Nécessiteux
Livre III, Chapitre 268
Il n'est presque pas possible, dans la situation actuelle de notre gouvernement, qu'il ne se trouve un grand nombre de coupables, parce qu'il y a une foule de nécessiteux qui n'ont qu'une existence précaire, et que la première loi est qu'il faut vivre. L'horrible inégalité des fortunes, qui va toujours en augmentant, un petit nombre ayant tout et la multitude rien ; les pères de famille dépouillés de leur argent par la voie trop séduisante des loteries et rentes viagères, fléau moderne, et ne laissant presque plus à leurs enfants que des contrats en parchemin annulés à leurs décès ; le fardeau de la misère, la dureté insolente du riche qui marchande la sueur et la vie du manouvrier, les entraves mises à l'industrie, les impôts multipliés, le déplacement et l'incertitude des états, le défaut de circulation, le haussement prodigieux des denrées, les routes du commerce obstruées, tout précipite l'infortune dans un inévitable désordre.

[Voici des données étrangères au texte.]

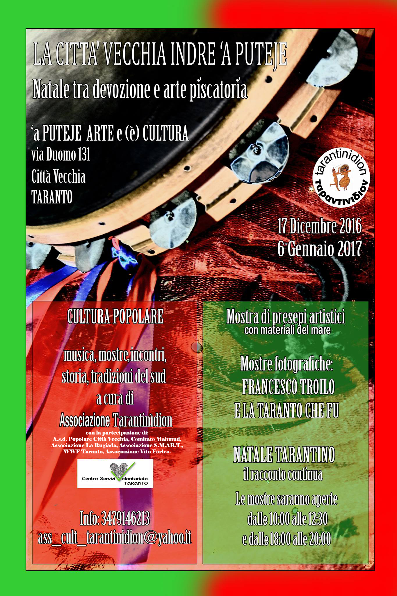 Torna La Città Vecchia indre ‘a Puteje: Natale tra devozione e arte piscatoria, un momento di animazione culturale incentrato sulle tradizioni tarantine e sulla storia della città vecchia, giunto alla sua IV Edizione. Promossa dall‘Associazione Tarantinìdion insieme ad altre realtà del volontariato e del terzo settore che operano nella Città Vecchia di Taranto – WWF Taranto, l’Associazione S.M.AR.T. Maestri di strada, Comitato Mamud, La Rugiada, Associazione Vito Forleo, ASD Popolare Città Vecchia – e al progetto Domus Armenorum, l‘iniziativa, che rientra tra i Momenti partecipativi previsti dalla programmazione 2016 del C.S.V. Taranto, sarà inaugurata sabato 17 dicembre alle ore 18:30, durante la serata si potranno degustare tarallucci e vino.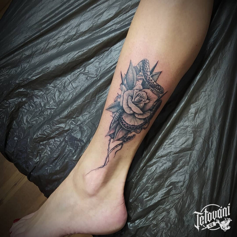 Tetování květina růže a had na nohu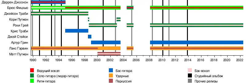 - Джейсон Траби — соло-гитара, бэк-вокал (1989—1998)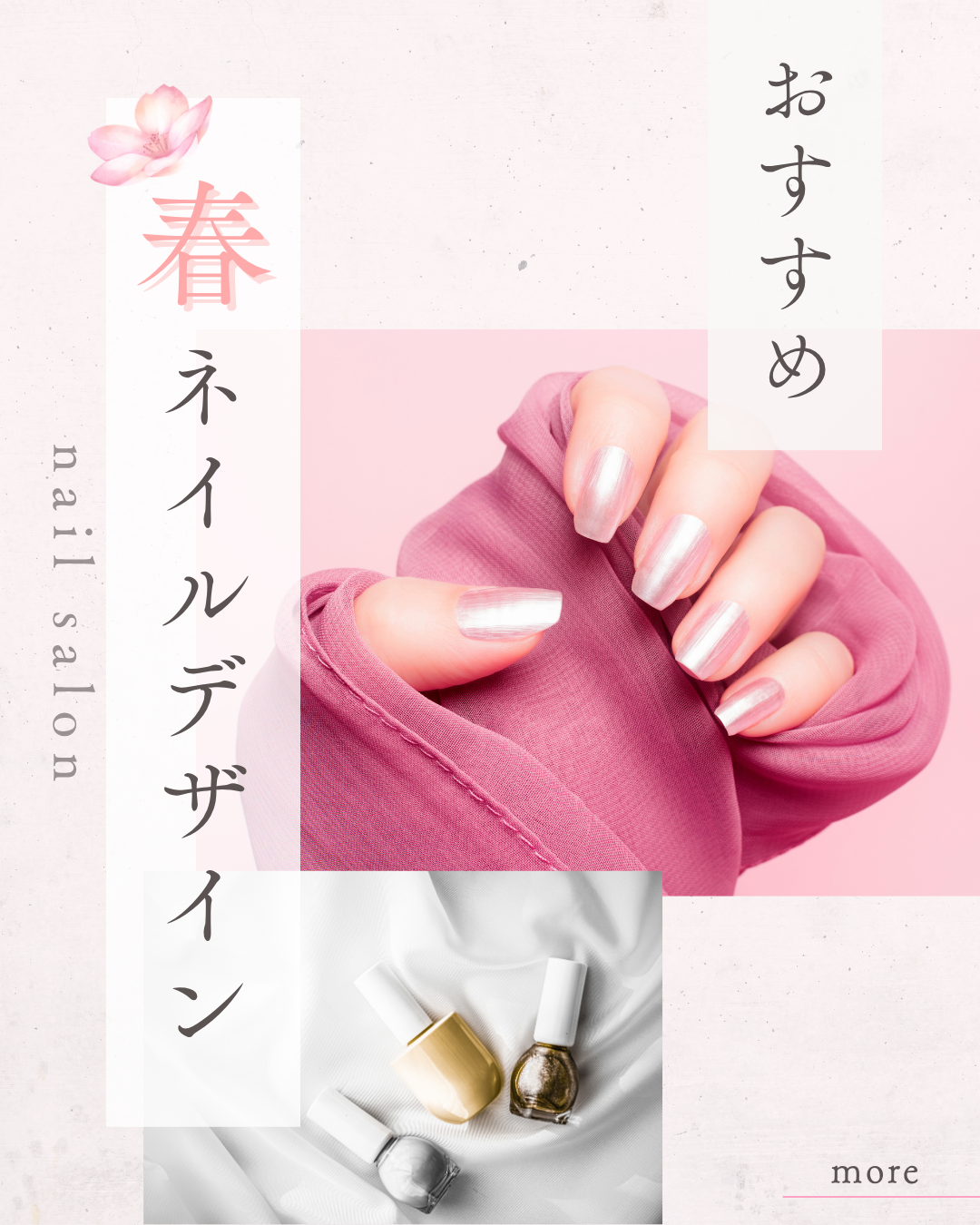20代女性向けのネイルサロンのInstagramアカウント想定し、おすすめデザインを紹介する投稿を作成しました。『春におすすめのネイルデザイン』をテーマに、デザインを行いました。 ※自主制作※

Arrivent les lois pénales, entourées de bourreaux ; mais on corrige rarement le mal qu'on n'a point su prévoir. Les potences, les échafauds, les roues, les galères, inutiles vengeances ! Les mêmes délits recommencent, parce que la source n'en a pas été fermée : il est en effet de même de ces plaies qui versent toujours un sang corrompu, parce qu'on n'attaque point la masse infectée.
Plusieurs riches ne sont pas devenus plus humains. L'injuste distribution de la propriété a été maintenue par les lois mêmes et par les supplices. Les coupables ont eu la tentation qui naissait de leur situation : leurs besoins n'ont point changé. Ils auraient été fidèles observateurs des lois, si les lois les eussent protégés en quelque chose ; mais, leurs mains étant vides, la loi les repoussait. La faim d'un côté, de l'autre des peines atroces les tenaient en suspens. Jugez de l'impérieuse et cruelle nécessité, puisqu'ils ont hasardé leur vie. Je ne parle point ici de ces crimes atroces et réfléchis qu'enfantent la vengeance et la trahison, mais de ces crimes hardis qui exigent le partage des biens. C'est la société qui a commencé le mal, parce qu'elle n'a pas assez travaillé pour la subsistance commune, que tous ont droit d'attendre ; et le malheureux qui monte sur l'échafaud me paraît toujours accuser un riche.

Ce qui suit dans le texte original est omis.